Further adjustment for diabetes status (model 3) and obesity (model 4) removed most of the remaining association between Si and CAD. One may, however, argue that this could be a case of over adjustment, because the vast majority of participants with low Si were diabetic and/or obese. After adjustment for all covariates (model 5), insulin levels did not have any effect on CAD, but the interquartile decrement in Si was still associated with a 29% increase in the odds of CAD. Although not statistically significant, this finding may suggest that additional factors not included in these analyses may also play a role in the association between low Si and CAD.

This is the largest epidemiological study to date that has assessed directly insulin sensitivity and related it to fasting and postload insulin levels, traditional cardiovascular risk factors, and CAD. Our findings of an association between low insulin sensitivity and CAD, largely independent of the effects of major cardiovascular risk factors, are consistent with previous studies that used fasting insulin levels as a marker of insulin sensitivity (613).
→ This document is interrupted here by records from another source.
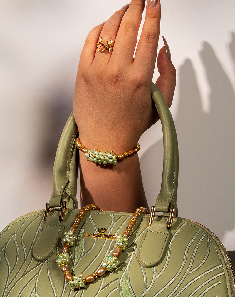 ست زنانه شوکا شامل گردنبند، دستبند و گوشواره با مروارید و خوشههای ظریف سبز در کنار مروارید قهوهای که جلوهای خاص، گرم و لوکس به استایل شما میبخشد.
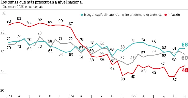 Donde el consenso social resulta más nítido es en el mapa de preocupaciones. La inseguridad se mantiene como el principal problema nacional, mencionada por el 66%, sin variaciones respecto del mes anterior y con una curva que se sostiene en niveles elevados durante todo 2025. Le sigue la incertidumbre económica, que desciende tres puntos en diciembre, del 63% al 60%, confirmando una tendencia leve a la baja hacia el cierre del año.
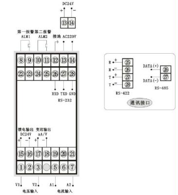⊕可带有一路模拟量变送输出或继电器报警输出,适用于各种测量控制。
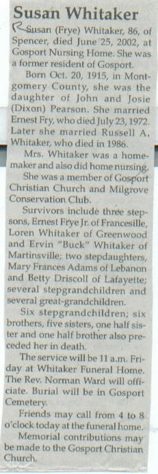 | Survived By | Three stepsons, Ernest Frye, Jr., Loren Whitaker, and Ervin "Buck" Whitaker; 2 stepdaughters, Mary Frances Adams and Betty Driscoll; several stepgrandchildren; several great-grandchildren. |

In contrast to some of these previous studies (8,9,30), the association between Si and CAD was highly significant and independent of the effects of lipids, hypertension, and cigarette smoking. These results are also consistent with the previously reported (1719) association between low Si and carotid artery wall thickness, which is an index of atherosclerosis. A comparison of the intima-media thickness of the internal carotid arteries in the IRAS CAD case subjects and control subjects (Fig. 2), confirmed that the most insulin-resistant CAD case subjects had the most extensive carotid atherosclerosis. Thus, low insulin sensitivity is associated with both subclinical carotid atherosclerosis and clinical CAD.
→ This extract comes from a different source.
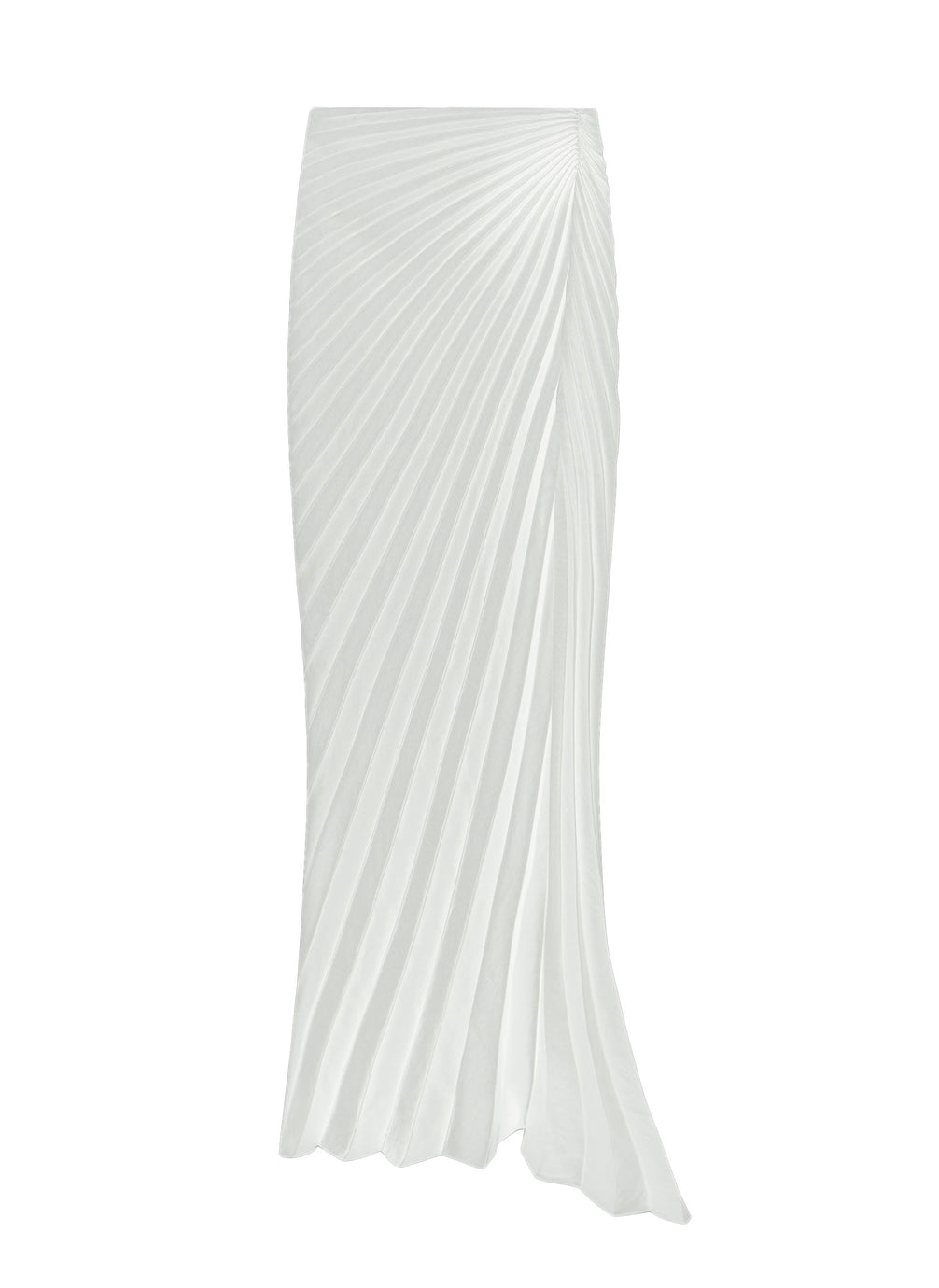 The Bianca Skirt is crafted from our signature vintage satin in a bright white hue. This maxi silhouette features starburst pleating and ruched detailing at the hip, flowing into an asymmetrical hem that creates an elongating, modern shape. Shop Skirts.
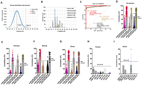 DSp and DSe of FMDV/O-specific mAb-bELISA and comparator ELISAs. (A) Normal distribution of PI obtained from negative serum samples of Canadian healthy animal species (n = 760; porcine, bovine, ovine, and caprine). (B) Frequency distribution of PI in negative animal sera (n = 760 [all species], n = 262 [porcine], n = 264 [bovine], n = 159 [ovine], and n = 75 [caprine]). (C) ROC curve diagnostic sensitivity analysis of FMDV/O mAb-bELISA in contrast to mAb-cELISA and pAb-cELISA. (D–G) Bar graphs show the estimated PI cut-off line and overall DSe of FMDV/O mAb-bELISA and comparator ELISAs for all animal species (D), porcine (E), bovine (F), and ovine (G). (H,I) Cross-reactivity analysis of FMDV/O mAb-bELISA using sera from experimentally infected animals, such as porcine (H) and bovine (I), with other FMDV serotypes and other vesicular diseases. In (A), the red vertical dashed line and grey vertical solid line represent estimated PI cut-off and mean values, respectively. Dashed lines in all bar graphs indicate the estimated PI cut-off.

The association between Si and carotid wall thickness (17) or CAD (current report) was independent of and much stronger than the associations with fasting or 2-h insulin levels. The exact contribution of the proposed atherogenic effect of insulin (13) to the association between insulin resistance and CAD is difficult to quantify in this cross-sectional analysis but appears to be relatively small (Table 2, model 1a versus 1d). This is consistent with the variable and generally weak associations between insulin levels and CAD reported previously (30). On the other hand, our data confirm that hypertension (31), dyslipidemia (32), and diabetes (acting through hyperglycemia or other risk factors [33,34]) mediate a significant part of the association between low Si and CAD.
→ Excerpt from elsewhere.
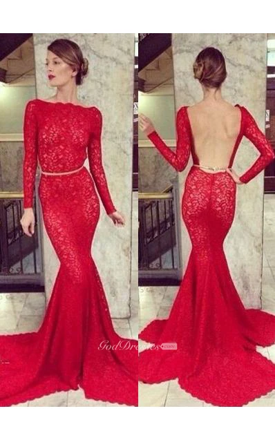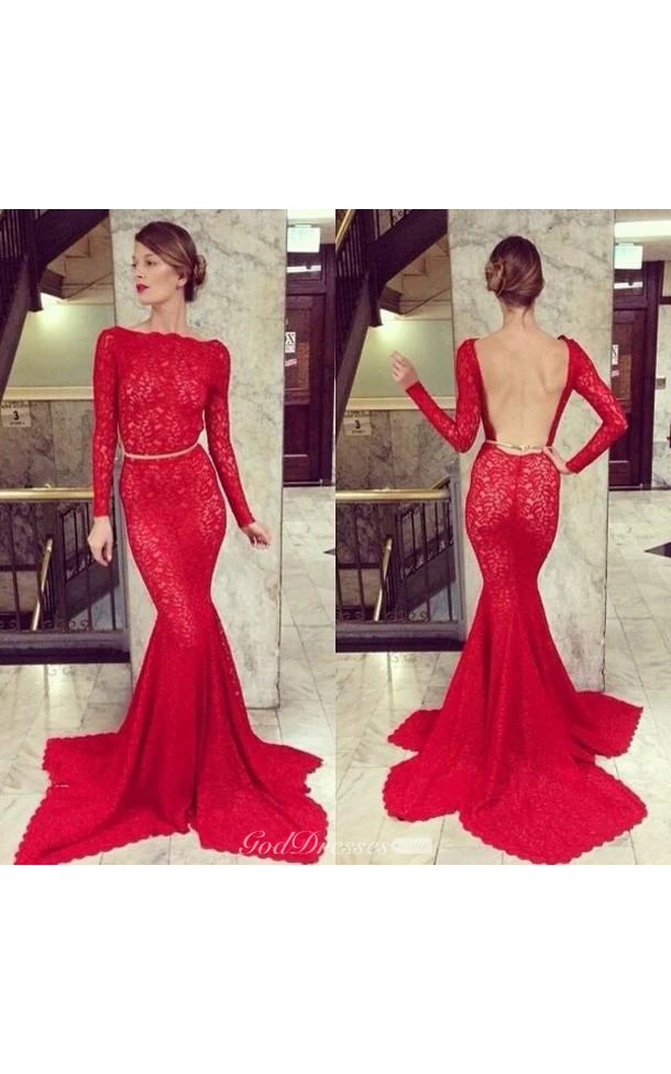 Backless Lace Mermaid Prom Dresses Bateau High Neck Long Sleeve Sheer Party Gowns With Court Train

This study is the first to measure insulin sensitivity directly in a large population of people with normal, impaired, or diabetic glucose tolerance. Whereas it is more difficult to measure Si than fasting insulinemia, the interpretation of Si (effectiveness of insulin on glucose kinetics) is easier than that of fasting insulin levels. Fasting insulin levels increase with insulin resistance but to a variable extent limited by the pancreas’ ability to secrete insulin and modified by ambient glycemia and insulin clearance. Therefore, fasting insulinemia is a less useful marker of insulin sensitivity in individuals with diabetes, impaired insulin secretion (e.g., a large proportion of individuals with IGT [15]), some forms of hyperinsulinemia (e.g., insulinoma), and disorders of insulin clearance (e.g., cirrhosis). The major advantage of the IRAS protocol was the ability to measure insulin sensitivity in individuals with diabetes who are at a two- to fourfold increased risk of CAD (12,35). They have typically been excluded from previous studies (611), yet diabetes affects, in the U.S., 6–14% of people aged 30–64 years and 18–32% of those over 64 years (36).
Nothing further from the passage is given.